Neutral simulations that included 50 patches resulted in weak population structure overall, and this pattern was robust to sampling a smaller number of individuals per patch (5 vs 50; Fig. 4). However, other sampling approaches resulted in greater distortions of the true population structure. Sampling only center and edge patches resulted in three distinct genotypic clusters, which could be incorrectly interpreted as evidence of an isolated hybrid lineage or even hybrid species (e.g. Gompert et al. 2014). Even sampling only the central patches exaggerates levels of population structure. Together these results highlight the importance of broad geographic sampling to accurately recover clinal variation (also see Witherspoon et al. 2006; Schwartz and McKelvey 2009), as opposed to more limited sampling of putative hybrids and isolated ‘pure’ parental populations.
Recommendations
Our illustrative simulations are consistent with other theoretical work on hybridization (e.g. Barton and Hewitt 1985; Kruuk et al. 1999; Barton and de Vladar 2009) and show that it will often be difficult to discriminate among different histories of selection and gene flow from genetic data. However, we show that even though primary divergence and secondary contact are thought of as hybridization and result in similar long‐term or equilibrium patterns of genetic variation (Barton and Hewitt 1985), recent primary divergence and secondary contact generate different patterns of variation. These differences occur because time is required for LD to buildup between neutral and selected variants with primary divergence (Barton and de Vladar 2009; Flaxman et al. 2014), whereas allele frequency differences between geographically isolated populations will generate LD upon secondary contact. This also means that, during the early stages of hybridization, secondary contact might often lead to segregation of greater functional (and nonfunctional) variation than primary divergence. On the other hand, early stages of primary divergence might be limited to sharp phenotypic and genetic differences for strongly selected characters (e.g. Poelstra et al. 2014; Soria‐Carrasco et al. 2014), with less segregating variation for other traits or genes in hybrids. We thus recommend that conservation and management practitioners treat recent primary divergence and secondary contact distinctly, as these processes can be distinguished and have different consequences. Once hybridization has occurred for a greater amount of time, patterns will become similar, and additional data, such as the phylogenetic relationship between or geographic distribution of hybridizing species, will be needed to parse these histories. Our results also show that widespread geographic sampling is important to accurately describe population structure and patterns of hybridization. As argued by practitioners of landscape genetics (e.g. Schwartz and McKelvey 2009), this means that structured, sensible sampling is preferable to sparse opportunistic sampling, or sampling focused on ends of a continuum.
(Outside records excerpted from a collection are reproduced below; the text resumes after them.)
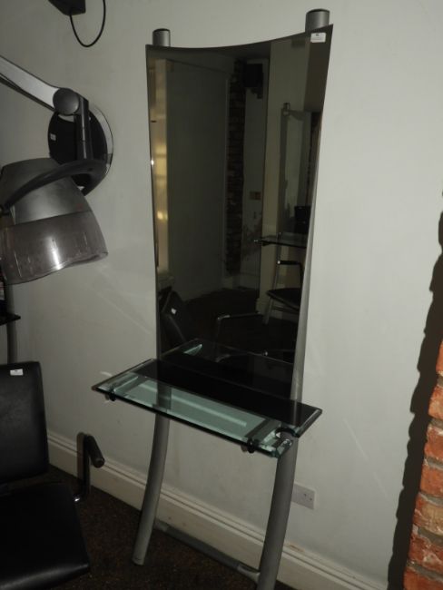 *Wella Mirror Back Contemporary Style Hair Stylist's Station with Beveled Plate Glass Shelf with Hair Dryer Cut Out 70x40x197cm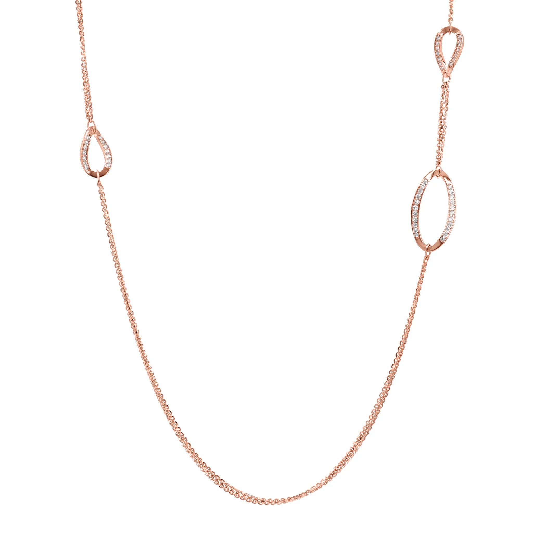 Collana lunga Bronzallure realizzata in lega Golden Rosé, placcata oro rosa 18kt, con doppia catena rolo impreziosita da station con due elementi a goccia e un elemento ovale pavé in cubic zirconia di colore bianco, qualità luminosa; chiusura a moschettone.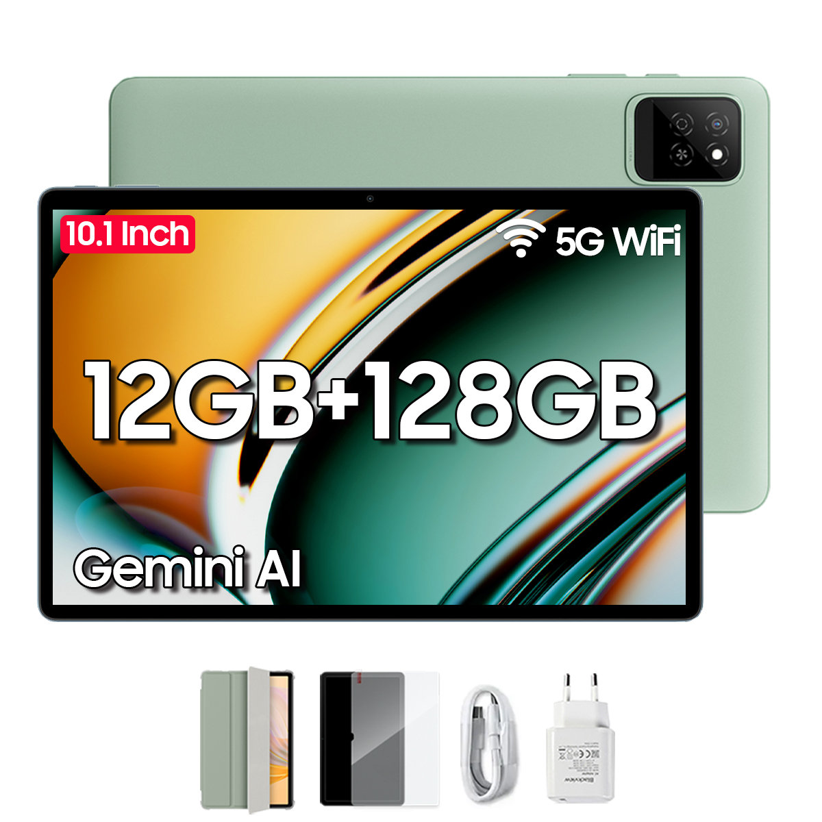 OSCAL Tablet Pad 30 WiFi z systemem Android 15, 12 GB + 128 GB (z możliwością rozszerzenia do 2 TB), 10,1-calowy ekran HD+, bateria 6600 mAh, aparat 5 MP + 8 MP, Bluetooth 5G WiFi, dwa głośniki, odblokowywanie twarzą; certyfikat TÜV Rheinland Low Blue Light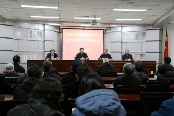 会上,院长岳修峰向离退休老同志通报了学校2020年重点工作。他指出,刚刚过去的2020年,在许昌学院的办学历史上,是不平凡的一年,是值得铭记的一年。学校坚持党建引领,强化作风建设,为各项事业发展提供了坚实的政治保障;坚持师生生命安全至上,统筹推进疫情防控和学校事业发展,推动内部治理能力水平不断提升,教育教学改革持续深化,学科建设、科技创新和社会服务成效显著,全面加强人才队伍建设,持续推动对外合作交流;坚持以人为本发展理念,持续推动办学条件不断改善,学校保障能力不断提升,改善民生工作持续加强,广大师生获得感、幸福感不断提升。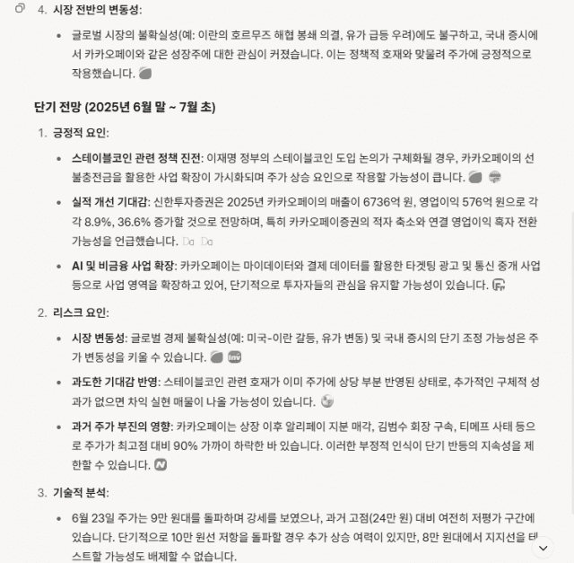 스테이블코인 관련 정책 진전: 이재명 정부의 스테이블코인 도입 논의가 구체화될 경우, 카카오페이의 선불충전금을 활용한 사업 확장이 가시화되며 주가 상승 요인으로 작용할 가능성이 큽니다.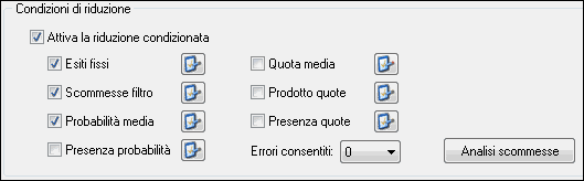 Il secondo passo è quello di decidere quante condizioni una scommessa può non rispettare prima di essere scartata ovvero quanti errori può generare prima di essere scartata (opzione "Errori consentiti"). Una volta impostato questo parametro sarà possibile fare clic sul pulsante "Analisi scommesse". L'analisi delle scommesse consente di avere l'anteprima della riduzione condizionata e di sapere quindi in anticipo quante scommesse rispettano le codizioni impostate: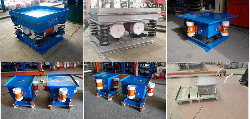 振動平臺于生產(chǎn)流程中用于把顆粒、粉狀物料從散裝到塊狀、形狀等形式的轉變,主要用于物料的震實,減少物料內(nèi)的空氣和縫隙,一般和料倉配套使用,在翻砂鑄造行業(yè)、人防門的填充方面以及物料灌裝方面用的一直很廣泛。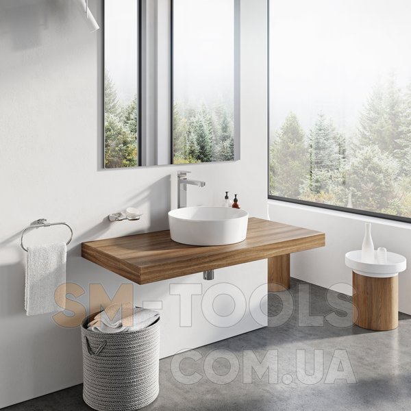Аксесуари: стільниця під умивальник / тумба під умивальник на стільницю, нерухомий злив для умивальника, сифон хромований або меблевий, подовжений змішувач Chrome або 10°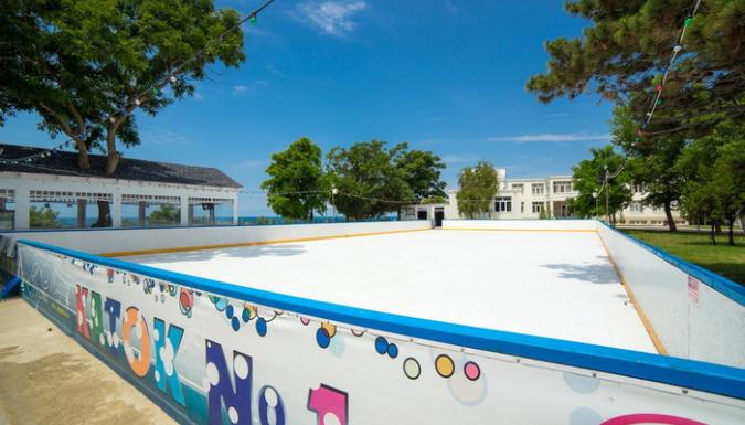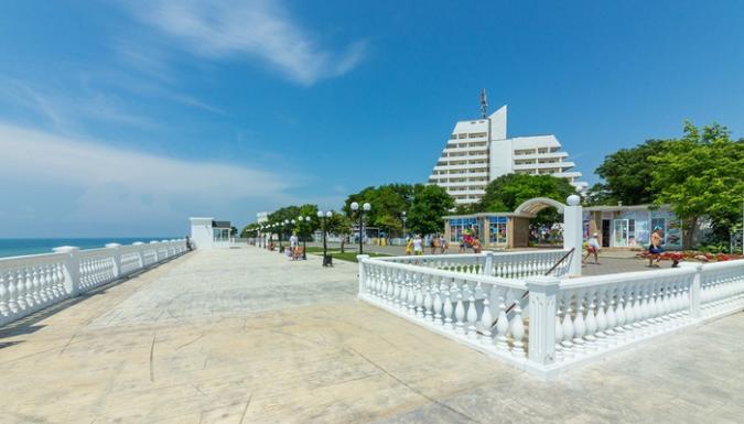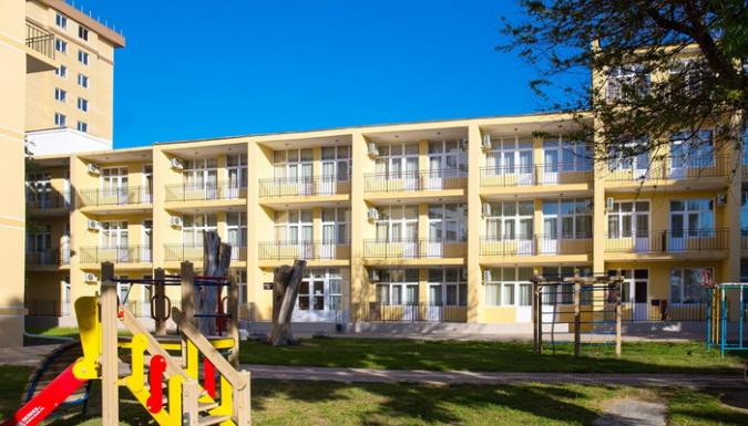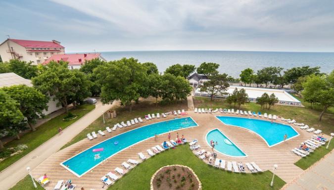 Бесплатно: крытый бассейн ( с морской водой (для путевок с лечением по показаниям врача), работает круглогодично), открытый бассейн (комплекс открытых бассейнов с морской водой.)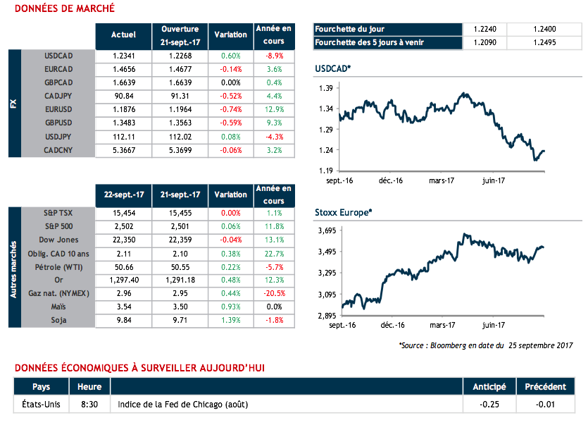Le parti de centre droit d’Angela Merkel a remporté hier sans surprise un quatrième mandat en Allemagne. Les élections ont toutefois été marquées par une percée du mouvement anti-immigration Alternative pour l’Allemagne (AfD) qui a récolté 12.8% des votes et qui participera au gouvernement de coalition prochainement formé. Ce résultat rappelle, dans une moindre mesure, les vagues de contestation observées dans d’autres pays occidentaux envers les partis établis. Sur la nouvelle, l’EUR s’est déprécié par rapport au CAD et au USD.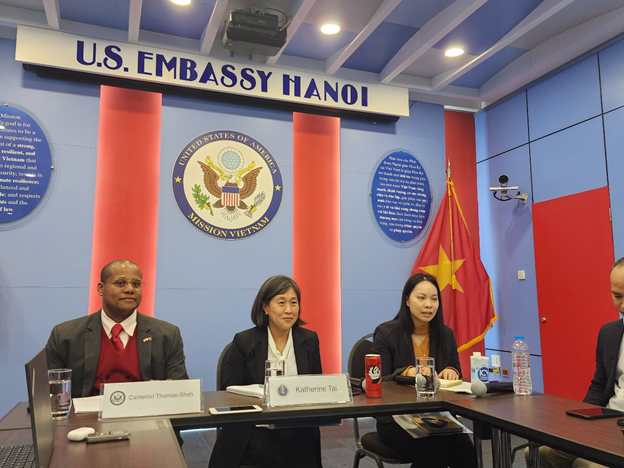 Cho phép tôi nhìn nhận câu hỏi này theo cách khác một chút. Trong các cuộc gặp của tôi với lãnh đạo Chính phủ Việt Nam và các bên liên quan tại Hà Nội, tôi đã nghe và thấy được sự quan tâm, ủng hộ lớn với việc Việt Nam tham gia vào IPEF. Tinh thần hào hứng ấy là vì những quy tắc và đề xuất mà Hoa Kỳ đưa ra trong khung IPEF đều là những tiêu chuẩn rất cao. Những tiêu chuẩn cao đó phản ánh được yêu cầu, nhu cầu của thị trường Hoa Kỳ.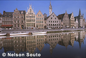 291021, BÉLGICA , FLANDES, GANTE, MUELLE DE LAS HIERBAS, RÍO LEIE |

Additional information will likely be gained from studies of hybridization that parse different types of genetic variants rather than treating them all in a single analysis (e.g. Gompert et al. 2014). For example, our simulations and discussion have considered genetic polymorphism, but we have focused on common rather than rare genetic variants. Rare variants, that is genetic variants with minor allele frequencies <1%, have become more accessible with current sequencing methods and could further help discriminate among different histories and provide information about recent evolutionary dynamics (Gravel et al. 2011; Mathieson and McVean 2012; Nelson et al. 2012). In particular, rare variants are often spatially restricted and can be informative about the dispersal of individuals from neighboring populations (Slatkin 1985; Barton and Bengtsson 1986; Gompert et al. 2014) and thus might provide better measures of contemporary gene flow among plant populations of conservation concern. Although more difficult to identify, genetic variants affecting important phenotypes or those linked to such variants could provide additional information if they are strongly structured by the environment (e.g. contrast phenotypic and neutral clines in Fig. 1). When one or a few genes of large effect determine functional phenotypes, it might be useful to examine patterns of genetic variation at these loci. However, when phenotypic variation is due to many variants with smaller effects, statistical approaches that combine information across genetic loci will be more useful (Berg and Coop 2014). Complementary methods that attempt to identify genetic variants potentially affected by selection in hybrids could also be used (e.g. Payseur et al. 2004; Gompert and Buerkle 2009, 2011). Thus, studies of hybridization between crops and wild species or native and non‐native plants, as well as gene flow in plants with fragmented populations, would benefit from an increased emphasis on the spread of functional genetic variation via hybridization (e.g. Rieseberg and Willis 2007; Hufford et al. 2013). Such information is needed to determine the fitness consequences of hybridization and thus to decide when hybridization should be valued, allowed or prevented.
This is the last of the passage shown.